Identification and molecular characterization of a m5 muscarinic receptor in A2058 human melanoma cells. Coupling to inhibition of adenylyl cyclase and stimulation of phospholipase A2.

We report the identification and biochemical characterization of an endogenous m5 muscarinic acetylcholine receptor (mAChR) in the A2058 human melanoma cell line. This is the first demonstration of a m5AChR outside the central nervous system. The unusual effector coupling of this endogenous m5AChR is presented. The coding region amplified by polymerase chain reaction was identical to the known m5AChR sequence. Binding studies indicated a Kd of 99 +/- 6 pM and a Bmax of 45 +/- 4 fmol/mg membrane protein. This m5AChR coupled to stimulation of arachidonic acid release and to a 50% inhibition of forskolin-stimulated cAMP accumulation.
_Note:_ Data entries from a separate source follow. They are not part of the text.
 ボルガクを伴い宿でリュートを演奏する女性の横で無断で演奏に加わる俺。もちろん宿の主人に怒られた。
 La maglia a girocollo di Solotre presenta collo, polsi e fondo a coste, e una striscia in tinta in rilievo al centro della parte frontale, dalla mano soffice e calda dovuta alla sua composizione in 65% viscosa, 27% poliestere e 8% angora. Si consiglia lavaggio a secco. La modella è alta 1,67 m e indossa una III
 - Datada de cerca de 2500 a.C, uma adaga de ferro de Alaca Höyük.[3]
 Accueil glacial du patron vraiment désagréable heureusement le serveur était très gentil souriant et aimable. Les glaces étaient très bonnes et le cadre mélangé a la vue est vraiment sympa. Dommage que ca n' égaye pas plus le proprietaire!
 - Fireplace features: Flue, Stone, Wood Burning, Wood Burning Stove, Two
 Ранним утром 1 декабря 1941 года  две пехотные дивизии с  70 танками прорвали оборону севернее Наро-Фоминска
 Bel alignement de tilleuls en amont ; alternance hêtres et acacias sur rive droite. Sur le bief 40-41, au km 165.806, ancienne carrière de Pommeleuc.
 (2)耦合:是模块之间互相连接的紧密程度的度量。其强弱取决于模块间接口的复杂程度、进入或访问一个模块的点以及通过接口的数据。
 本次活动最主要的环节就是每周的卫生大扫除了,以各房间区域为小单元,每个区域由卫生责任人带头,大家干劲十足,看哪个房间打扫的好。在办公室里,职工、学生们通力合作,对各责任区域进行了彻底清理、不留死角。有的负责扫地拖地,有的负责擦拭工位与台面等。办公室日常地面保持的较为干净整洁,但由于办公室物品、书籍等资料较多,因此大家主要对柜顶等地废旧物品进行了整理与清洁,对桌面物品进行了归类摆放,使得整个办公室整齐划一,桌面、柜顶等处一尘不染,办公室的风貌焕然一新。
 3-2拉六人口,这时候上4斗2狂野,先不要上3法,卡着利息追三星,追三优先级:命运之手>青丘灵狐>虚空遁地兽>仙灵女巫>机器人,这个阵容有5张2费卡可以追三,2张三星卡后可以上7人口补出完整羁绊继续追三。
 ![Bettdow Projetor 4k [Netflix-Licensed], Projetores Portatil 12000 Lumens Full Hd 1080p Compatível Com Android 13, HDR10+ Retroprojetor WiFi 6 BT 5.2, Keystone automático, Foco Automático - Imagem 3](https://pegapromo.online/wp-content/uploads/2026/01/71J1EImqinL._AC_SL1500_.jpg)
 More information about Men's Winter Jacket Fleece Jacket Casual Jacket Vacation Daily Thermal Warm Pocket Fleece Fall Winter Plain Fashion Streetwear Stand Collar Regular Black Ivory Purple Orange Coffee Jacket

The inhibition of cAMP production was insensitive to pertussis toxin treatment, but was dependent upon extracellular calcium. In contrast to the odd mAChR pattern, no cAMP was produced in response to carbachol (CC) stimulation. Moreover, no release of inositol phosphates could be measured after CC treatment despite the presence of at least 2 phospholipase C isoforms in A2058 cells. CC-stimulated arachidonic acid release (EC50 = 17.8 +/- 0.1 microM) was dependent upon external Ca2+, with marked reduction after coincubation with EGTA, Co2+, or high doses of verapamil (IC50 = 166 microM) or diltiazem (IC50 = 243 microM). Brief exposure to phorbol 12-myristate 13-acetate augmented CC-stimulated arachidonic acid release, whereas prolonged phorbol 12-myristate 13-acetate treatment resulted in down-regulation of release. Activation of the m5AChR resulted in Ca2+ influx that was attenuated by muscarinic antagonism and removal of extracellular Ca2+. A2058 cells exposed to CC had no alteration of cell shape or growth potential in monolayer culture, however, a statistically significant reduction in density-independent growth was observed over the range of CC concentrations from 0.1 to 100 microM. This endogenous m5AChR has a novel signal transduction coupling profile and receptor activation reduces clonogenic potential.